Children on Property
Children are often attracted onto other people's property while they are playing. They may wander onto single-family lots, areas of condominiums where they are not supposed to go, or apartment complexes. Unlike adults, children tend to assess risk inaccurately, and often they have not mastered all the rules of society. Like many other states, Florida law provides additional protections to children who are attracted onto another person's property and are hurt there. At the Dean Law Firm, our experienced premises liability attorneys can help families in Ocala and beyond recover damages when their children are hurt on someone else’s property.Hold Property Owners Accountable for a Child’s Injuries
In general, whether or not an injured person has a viable claim for damages after getting hurt on somebody else's property depends on why he or she was on the property. Florida requires that a property owner owes the highest duty of care to "invitees" and "licensees." As the name suggests, invitees are people invited to enter the property by the owner. The only duty owed to adult trespassers in Florida is the duty not to set traps. However, property owners and occupiers owe duties to children even if they are trespassing, under the "attractive nuisance doctrine."
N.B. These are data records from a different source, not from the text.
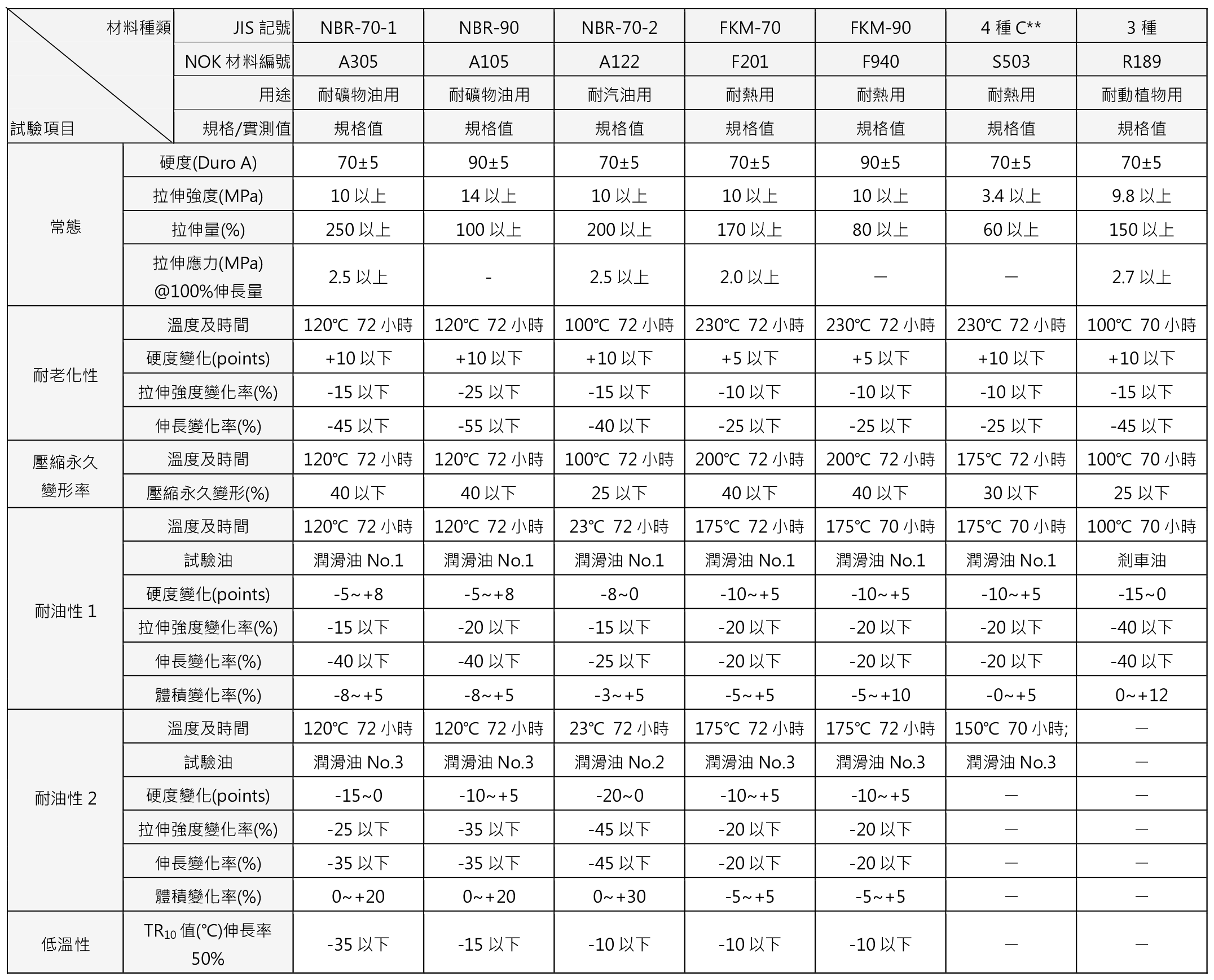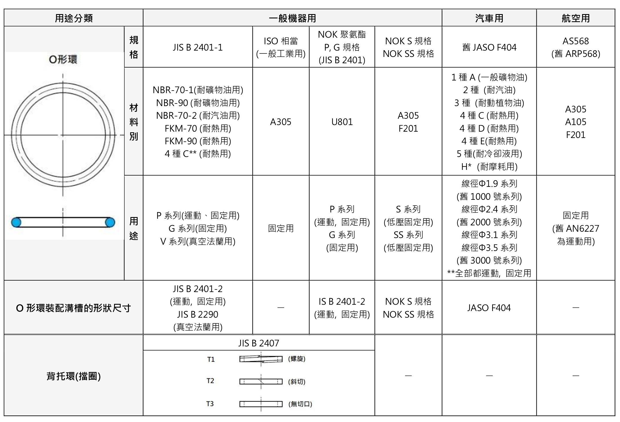 NOK O形圈系列尺寸速查表及系列尺寸表
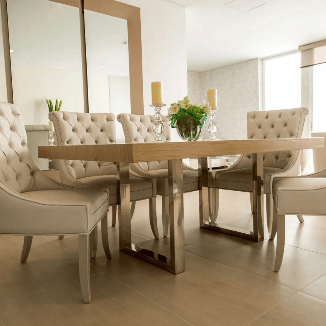 Esta mesa de comedor donde la combinación de la madera natural y el acero le dan un toque aún más especial.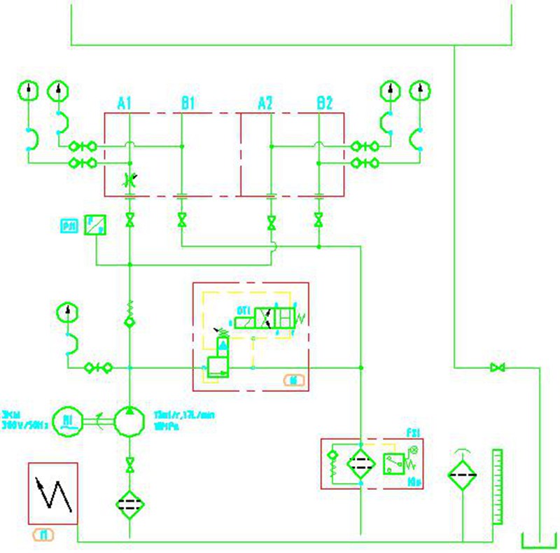 這里我找一個液壓試驗臺的原理設計過程來為大家列舉液壓原理圖的一般設計流程,來拋磚引玉,希望對大家學習液壓知識有所幫助。在這里我先說明一點,液壓系統原理圖設計方法不是僅僅局限于我所列舉的實例,各個行業不能一概而論,我所舉得例子只是一般的設計方法,大家只能參考一下,實際工作中遇到的具體問題還要具體分析。

Under this rule, a property owner or occupier needs to give warnings if he or she knows that children are likely to be on his or her property and that there is a dangerous, manmade condition on the premises that is likely to cause serious bodily injury or even death. Some attractive nuisances include swimming pools, old refrigerators or lockers, trampolines, or piles of rocks.
Parents or guardians of a child who is hurt or killed because of an attractive nuisance on another person's property can recover on behalf of their child if they can prove:
- There was an injury to the child caused by an artificial (manmade) condition on the property;
- The child was attracted onto the property as a result of the artificial condition;
- The property owner knew or should have known the artificial condition created an unreasonable risk of harm to children;
- The child lacked the ability to realize the risk; and
- The property owner did not use reasonable care to protect the child from harm.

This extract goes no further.